Different agars included in a tri-plate
Figure 1. Different agars included in a tri-plate.

Mastitis is the most costly infectious disease and the most frequent reason for antibiotic use on commercial dairy farms. Therefore, management tools that reduce mastitis costs and promote prudent use of antibiotics on dairy farms could be beneficial. The Minnesota Easy® Culture System (University of Minnesota, Saint Paul) is an on-farm bacteriological culturing system that can help veterinarians and producers make strategic treatment decisions based on the pathogen involved in clinical mastitis cases. Cases that yield no bacterial growth when cultured and cases where Gram-negative bacteria are isolated may not benefit from intramammary antibiotics. On the other hand, intramammary antibiotics are often recommended for mastitis caused by Gram-positive organisms. Some examples of Gram-negative pathogens include Escherichia coli, Enterobacter, and Klebsiella species. Some examples of Gram-positive pathogens include Staphyloccus aureus, coagulase-negative staphylococci, and environmental streptococci (including Strep uberis and Strep dysgalactia).
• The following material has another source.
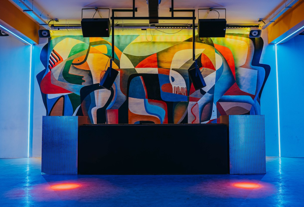 Junto a las intervenciones de Santana en el exterior y Play In Colors en el interior, la Gallery Room funcionará como galería de arte, lo que la convertirá en una sala en evolución permanente que se transformará dos veces al año. Para la inauguración, la artista berlinesa afincada en Málaga Conxi Sane ha intervenido la sala con un mural sobre la cabina del DJ y una muestra de su arte cubista.

A major benefit of on-farm milk bacteriological culture systems is that results can be obtained within 24 hours compared to a week or more for samples sent off to a lab. Withholding intramammary antibiotics for 24 hours after sampling and selectively treating based on the results of the culture has shown no differences in long-term treatment outcomes, including recurrence of clinical mastitis in the same quarter, somatic cell count, milk production, and cow survival for the rest of the lactation after clinical mastitis. Selectively treating cows with antibiotics based on on-farm culture results can decrease antibiotic use by half and tends to decrease milk withholding time without negatively affecting cure rates.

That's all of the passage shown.